A nerve agent antidote that could be taken before an attack
Nerve agents are molecular weapons that invade the body and sabotage part of the nervous system, causing horrific symptoms and sometimes death within minutes. Few antidotes exist, and those that do must be administered soon after an attack. But now scientists report in the journal ACS Nano an early-stage development of a potential treatment that soldiers or others could take before such agents are unleashed.

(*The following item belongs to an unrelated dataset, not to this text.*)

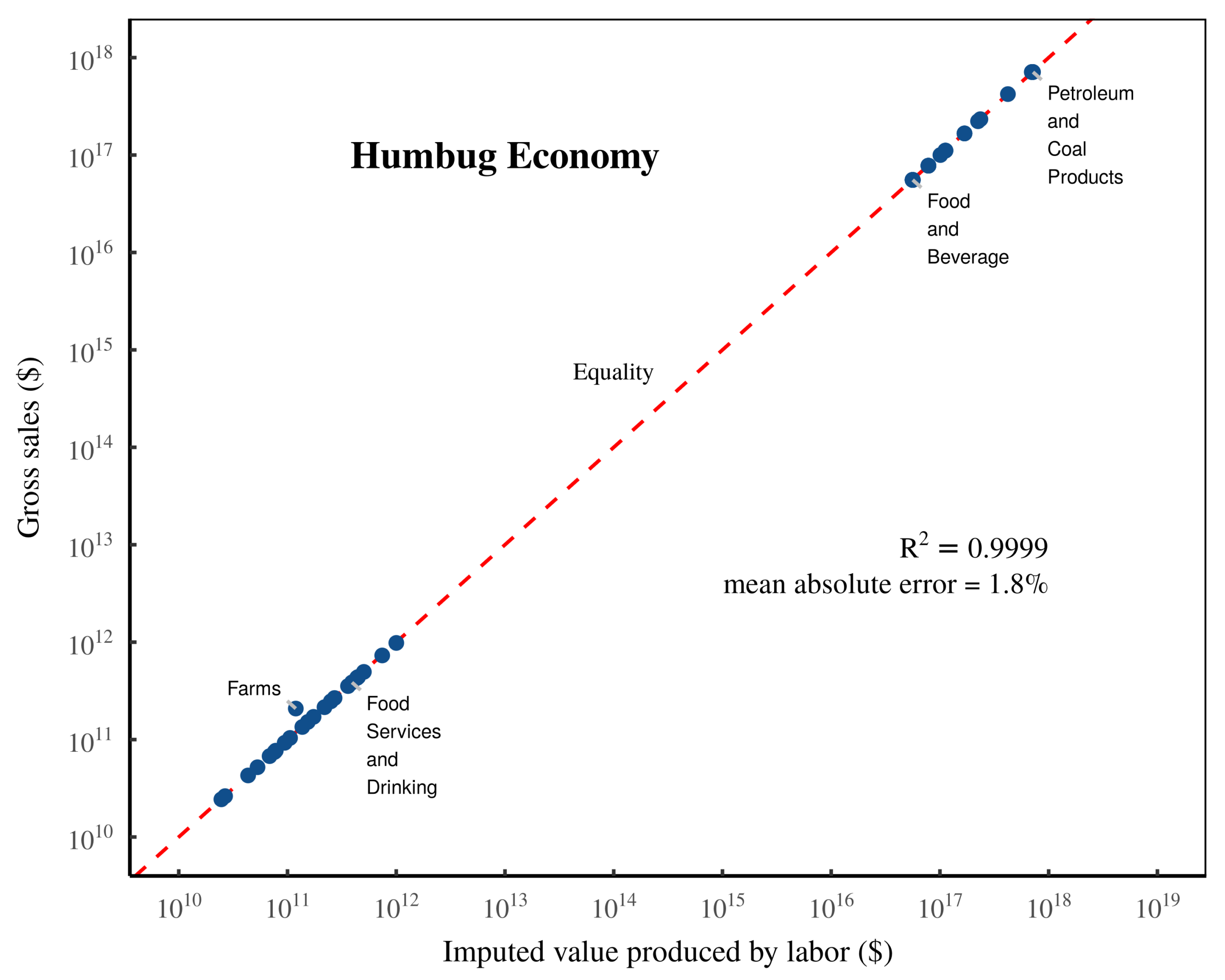 Sabatino’s paper takes aim at Anwar Shaikh’s method for ‘testing’ the labor theory of value. The backstory behind Sabatino’s work is that in 1974, Shaikh published a devastating critique of the neoclassical theory of economic growth. Shaikh demonstrated that under the condition that the labor share of income is fairly constant over time, the Cobb-Douglas production function reduced to an accounting identity, defined by the bookkeeping rules within the national accounts (Shaikh, 1974). To demonstrate this principle, Shaikh showed that the Cobb-Douglas function ‘worked’ when fed nonsense data that spelled the word ‘HUMBUG’.

One particular antidote, an enzyme called organophosphorus acid anhydrolase (OPAA), has attracted attention recently for its ability to break down nerve agents. But the body's immune system gets rid of it quickly. Packaging the enzyme in liposome nanocarriers gives the antidote greater staying power, but handling and storing the liposomes is complicated. So Omar K. Farha and colleagues wanted to make a potentially simpler carrier.

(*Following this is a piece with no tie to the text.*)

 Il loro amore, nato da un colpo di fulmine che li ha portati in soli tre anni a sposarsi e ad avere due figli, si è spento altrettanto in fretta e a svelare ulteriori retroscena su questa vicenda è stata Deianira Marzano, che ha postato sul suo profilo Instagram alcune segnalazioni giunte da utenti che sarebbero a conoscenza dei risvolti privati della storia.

For a material, the researchers turned to porous metal-organic frameworks (MOFs), a class of hybrid materials made of metallic ions and organic ligands that are easy to store and handle at room temperature. They used a zirconium-based MOF and loaded it with the antidote. Testing showed the MOF-encapsulated enzyme was even more effective at breaking down the nerve agent simulant diisopropyl fluorophosphate and the nerve agent soman than the antidote by itself.

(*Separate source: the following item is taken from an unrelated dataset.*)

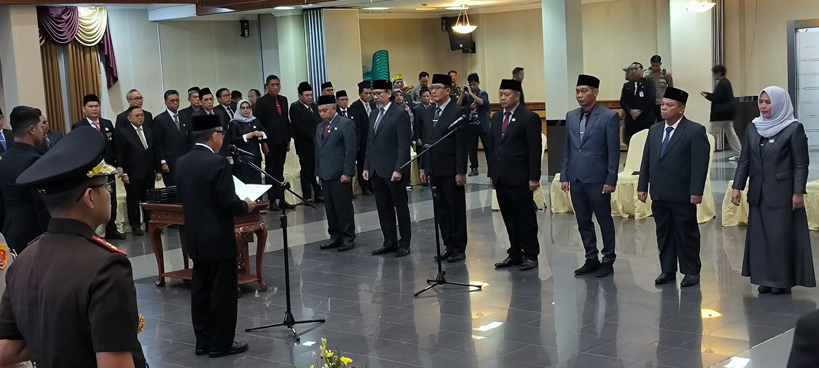 Prosesi pelantikan berlangsung khidmat dengan pengambilan sumpah jabatan yang dipandu rohaniawan, penandatanganan berita acara, serta peneguhan pakta integritas.

We report the synthesis and characterization of a water-stable zirconium metal–organic framework (MOF), NU-1003, featuring the largest mesoporous aperture known for a zirconium MOF. This material has been used to immobilize the nerve agent hydrolyzing enzyme, organophosphorus acid anhydrolase (OPAA). The catalytic efficiency of immobilized OPAA in nanosized NU-1003 is significantly increased compared to that of OPAA immobilized in microsized NU-1003 and even exceeds that of the free OPAA enzyme. This paper highlights a method for rapid and highly efficient hydrolysis of nerve agents using nanosized enzyme carriers.